The labor market is weakening. Although there have been no statistics from the government, ancillary reports paint a cloudier picture for employment. Challenger, Gray & Christmas, a job placement firm, reported that U.S.-based employers cut 153,074 jobs in October, the biggest monthly figure since 2003. That report came on the heels of October data from the Institute for Supply Management (ISM) indicating that employment in both the manufacturing and non-manufacturing sectors is contracting. This environment is likely conducive to the Fed loosening the monetary reins. On the other hand…
Inflation, the other side of the dual mandate, is still running above the central bank’s comfort level. This was reflected in the September Consumer Price Index (CPI), which showed 12-month increases of 3.0% for the headline and core (excludes food and energy components) figures. The aforementioned ISM reports also showed the largest increase in the price of services in three years, though goods prices did decline. Not surprisingly, given the stubborn inflation and weakening labor conditions, the University of Michigan’s preliminary November reading on Consumer Sentiment fell nearly 30% year over year.

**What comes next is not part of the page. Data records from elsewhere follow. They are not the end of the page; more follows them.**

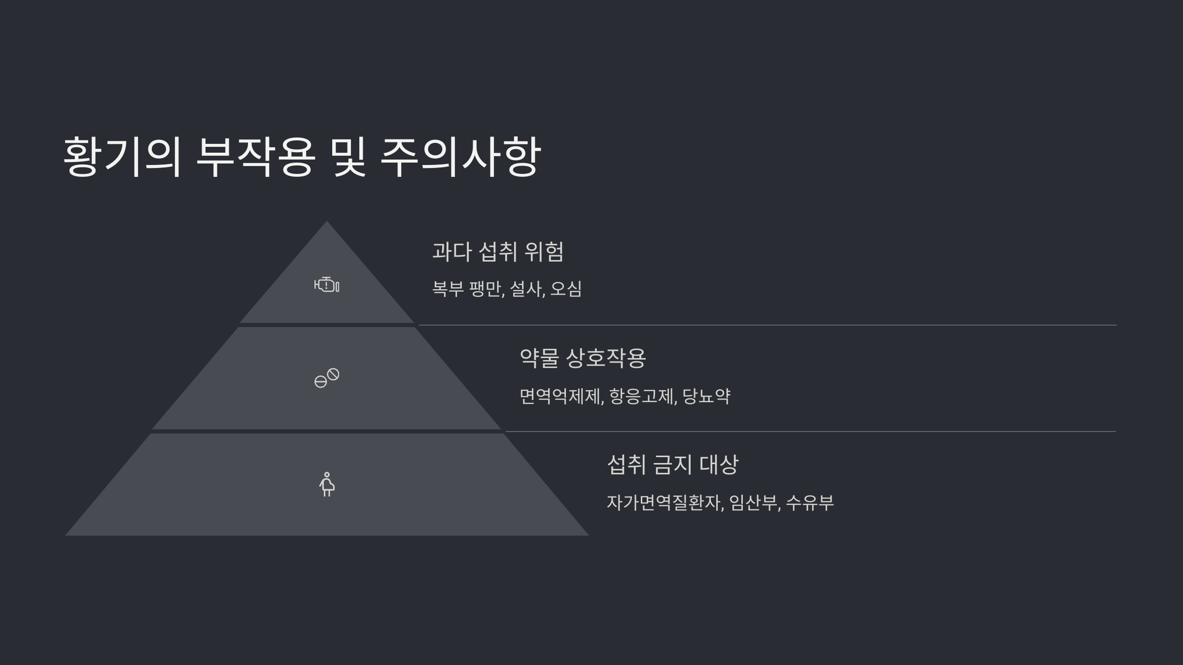 | 단점/주의사항 | ⚠ 과다 섭취 시 설사, 복부 팽만, 두통 ⚠ 자가면역질환자 악화 가능성 ⚠ 약물과의 상호작용 위험 ⚠ 알레르기 반응(가려움, 발진) ⚠ 임산부·수유부 섭취 금지 ⚠ 열 많은 체질 및 상기증 주의 |
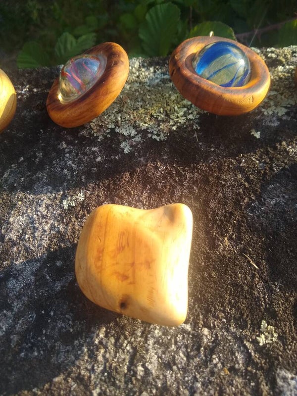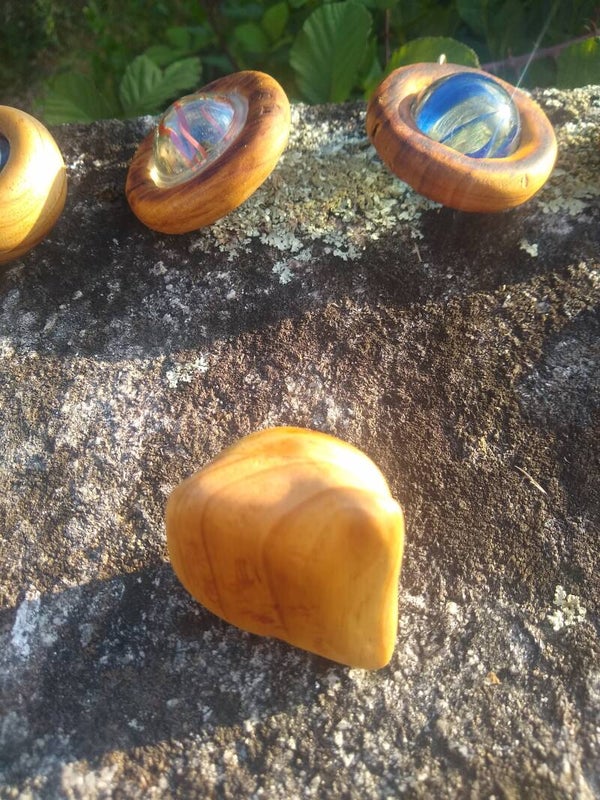 Yellow on green glass textured marble is embedded into a freeform carved two tone wooden fidget, perfect for gripping tight or simply playing with to help reduce stress.
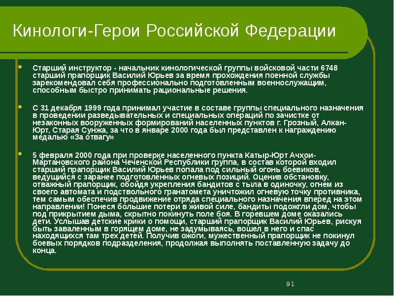 - 91. Кинологи-Герои Российской Федерации Старший инструктор - начальник кинологической группы войсковой части
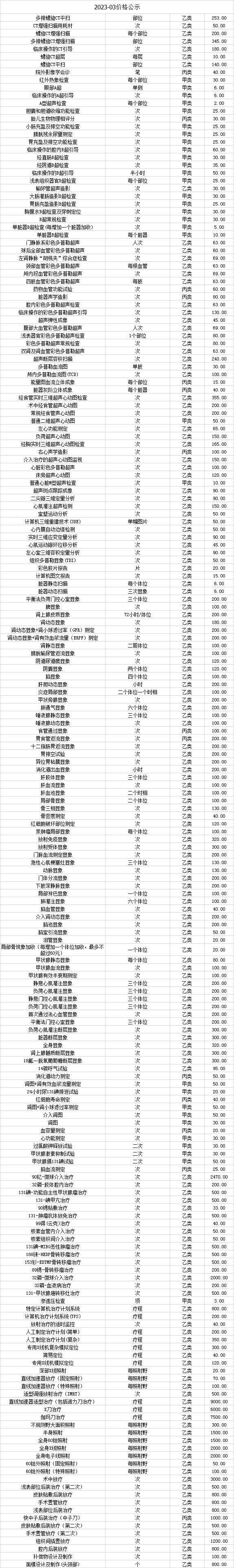 为规范医院的收费行为,医院所有药品、医用材料和医疗服务价格,必须按照国家、省、市物价部门规定的价格执行,并进行公示,2023年3月价格公示内容如下:
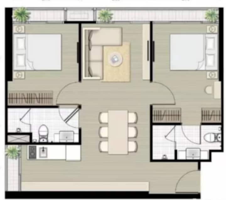 2 מיטות קינג/בריכת שמיים/חדר כושר/T21/Bts + Mrt @ Asok/Sukhumvit

We consider that a December reduction to the federal funds rate is probable. Our sense is that the Federal Reserve will want to avoid the risk of stagflation, where slowing economic growth is accompanied by high unemployment and rising prices. The recent government shutdown will likely put a dent in the fourth-quarter gross domestic product (GDP) growth, which may force the Fed to use its monetary policy tools in support of the economy.
Conclusion: With the government shutdown nearing an end as of press time, a headwind for the financial markets was close to being removed. This, along with less-restrictive monetary policies, may pave the way for additional late-year gains for the major averages.